All the News That Isn’t

May 23, 2011

Devil may care WI governor Walker raptures anyway causing extensive damage to state capitol in ascent.

Rapture failure causing concern over which structures may have been built by 89 year old civil engineer Harold Campling.

Hedging his bets Stephen Hawking says if there is a heaven he qualifies for pre-boarding.

President Obama demands democratic reform in Syria, Libya, Tunisia, Yemen and Wisconsin.

Mr. Obama says in exchange for Israel going back to 1967 borders the US will go back to its 1803 borders and give back all the stuff Lewis & Clark stole.

For some reason Israel’s 1967 border made a strong impression on 6 year old Barry Obama.

First new Arnold Schwarzenegger film will be “Sperminator.”

Frustrated PlayStation shooters take to street with joysticks.

Japan will replace nuclear energy with the emperor rubbing his feet on the carpet.

Republicans play Red Rover, no one comes over.

Poll shows Mickey Mouse leading the Republican pack.

Mitch Daniels to devote more time to runaway wife.
Lets the door hit him on the front of the head while leaving.

Pawlenty Pawlittle Pawlate

Jewish Arab agreement to divide up country clubs and Mercedes dealerships
falls through when rapture fails to occur.

Newt severs own tail this time does not grow back.

Former IMF head denied bed-turndown before release.
House arrest in Upper East Side condo falls through due to lack of maid service.

President depicts 2 state solution in Mideast–dismay and disbelief.

President Obama pelted with blintzes addressing a Jewish group.

Tells the Irish they’re his kind of -ish.

Mr. Obama told a Jewish group he will turn on the lights in temple on shabbos for a year to make it up.

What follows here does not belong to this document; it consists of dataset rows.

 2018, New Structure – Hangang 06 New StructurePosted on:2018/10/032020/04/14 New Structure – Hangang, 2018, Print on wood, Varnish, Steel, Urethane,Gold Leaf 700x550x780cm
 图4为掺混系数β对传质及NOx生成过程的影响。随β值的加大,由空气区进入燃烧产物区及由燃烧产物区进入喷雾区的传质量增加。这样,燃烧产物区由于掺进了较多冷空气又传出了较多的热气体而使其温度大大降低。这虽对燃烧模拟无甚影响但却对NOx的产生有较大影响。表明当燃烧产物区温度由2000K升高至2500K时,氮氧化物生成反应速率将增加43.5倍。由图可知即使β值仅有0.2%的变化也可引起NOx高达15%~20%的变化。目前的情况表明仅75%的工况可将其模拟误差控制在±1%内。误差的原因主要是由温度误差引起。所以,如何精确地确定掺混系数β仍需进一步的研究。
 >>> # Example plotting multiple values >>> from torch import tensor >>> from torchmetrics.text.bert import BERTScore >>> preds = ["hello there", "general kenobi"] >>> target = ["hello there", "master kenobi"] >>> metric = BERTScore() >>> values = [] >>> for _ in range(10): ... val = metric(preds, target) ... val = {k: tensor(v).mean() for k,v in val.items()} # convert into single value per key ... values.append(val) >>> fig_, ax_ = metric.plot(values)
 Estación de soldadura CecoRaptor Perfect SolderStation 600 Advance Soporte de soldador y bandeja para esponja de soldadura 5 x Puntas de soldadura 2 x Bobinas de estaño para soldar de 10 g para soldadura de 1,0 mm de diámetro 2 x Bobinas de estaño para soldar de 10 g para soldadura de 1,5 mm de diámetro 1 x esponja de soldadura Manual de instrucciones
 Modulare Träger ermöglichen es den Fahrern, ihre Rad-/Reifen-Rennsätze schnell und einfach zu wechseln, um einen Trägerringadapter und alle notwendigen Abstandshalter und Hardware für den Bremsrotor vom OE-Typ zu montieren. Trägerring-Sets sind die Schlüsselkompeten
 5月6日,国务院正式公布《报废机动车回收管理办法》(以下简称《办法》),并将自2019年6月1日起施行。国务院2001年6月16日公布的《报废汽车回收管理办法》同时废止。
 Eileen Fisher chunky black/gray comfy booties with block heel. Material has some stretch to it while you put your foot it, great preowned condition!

Democrats accused of kicking a man when he’s Mitt Romney.

With Huntsman running Mormons have minyan.

Wisconsin reichstag requires voters to get ID tattoos on left forearms.

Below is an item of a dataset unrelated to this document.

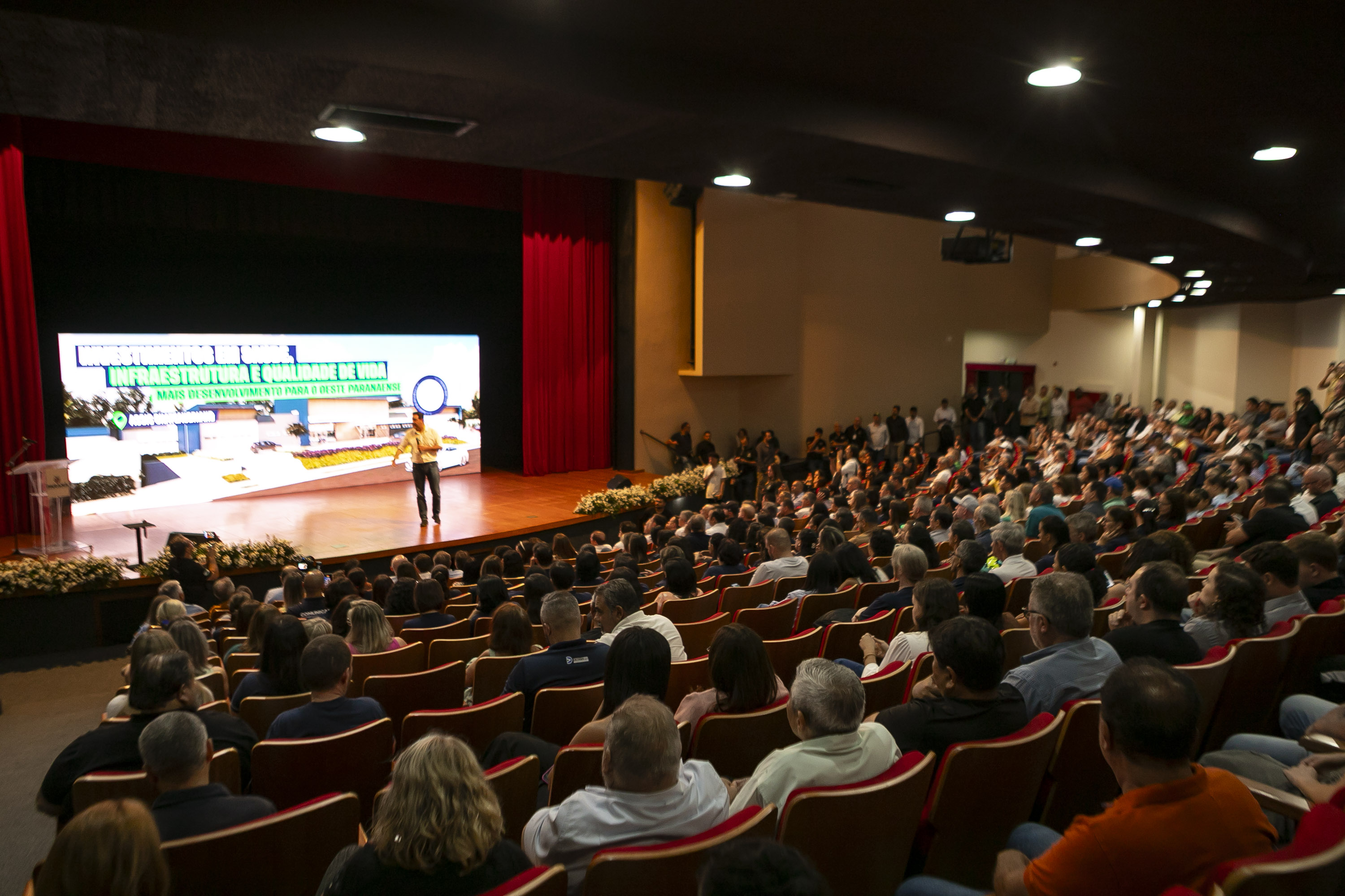 Destaque para as obras de restauração e ampliação em concreto de 40 quilômetros das rodovias PR-239 e PR-317, no trecho que liga o município a Toledo. O investimento previsto é de R$ 219,4 milhões e faz parte da estratégia do Estado de modernizar a malha rodoviária com soluções mais duráveis e seguras, fortalecendo a logística regional e o escoamento da produção.
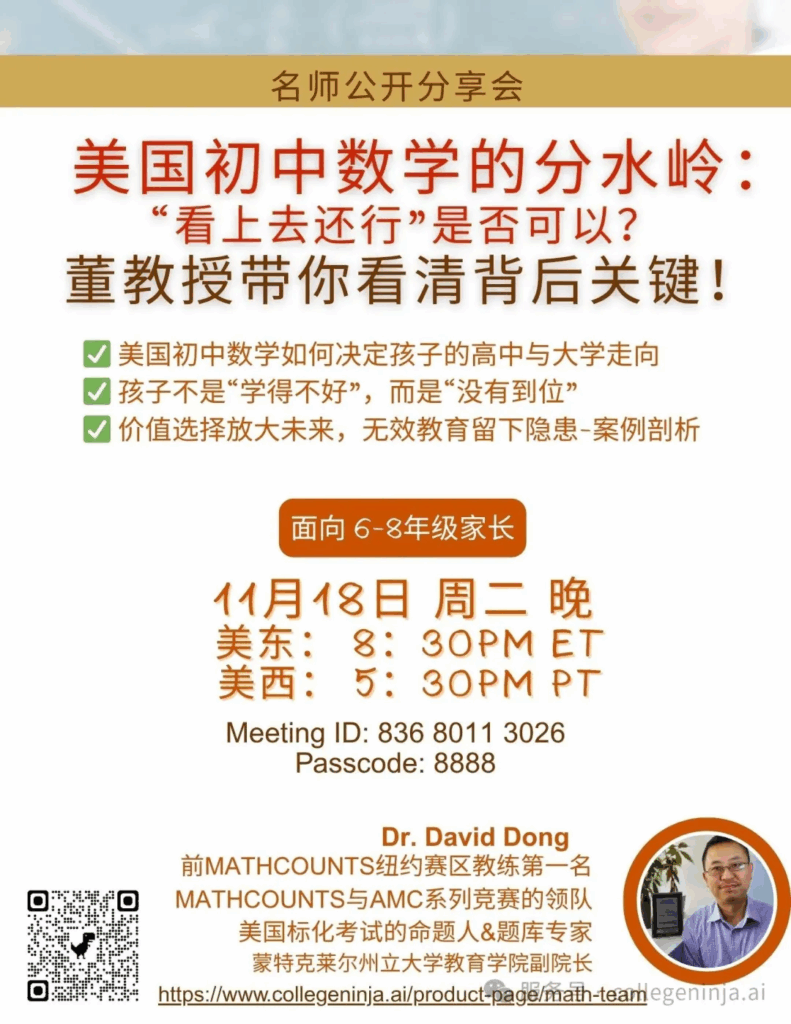 聚焦高阶解题策略,冲击AMC满分与MATHCOUNTS州赛/国赛荣誉,为高中STEM领域大奖和冲击名校蓄力。

Destroying the Gulf of Mexico earns BP 12 billion in tax write-offs.

French reaction to the Straus-Kahn arrest predictable: they can’t believe it wasn’t the bellhop.

Stephen Hawking says there is no debt ceiling.

Gilbert Gottfried will replace Garrison Keillor in Prairie Home Kvetch.

Google introduces Chromebook, a doorstop that loads in 8 seconds.

iPod 5 has a rotary dial and bakelite cradle. It’s iLittle, it’s iLovely, it iLights.

Khaddaffy tent is booted.

Wisconsin’s Herb Kohl goes back to his first love, groceries. Russ Feingold signs on as bag boy.

Paulie Ryan’s mom won’t sign off on run for Senate–still pissed about her Medicare.
President tells graduates the future–minus 12 trillion or so–is yours.

Arnold love child discovered after the 10 year old bench pressed his mother.

Even more disturbing, a lot of the shepherd pups look like Arnold.

Maria made a huge mistake if she though Arnold was going to be cool about it like the Kennedys.

Bishops say it was the 60’s “if it feels good do it” seminaries that caused all the problems.

Santorum says John McCain was never tortured in a meaningful way.

John McCain says torture is listening to Rick Santorum.

In his last audio tape bin Laden praises Girls Gone Wild Dubai.

Coffee eliminates women’s prostate risk and

How can we miss Oprah when she won’t go away?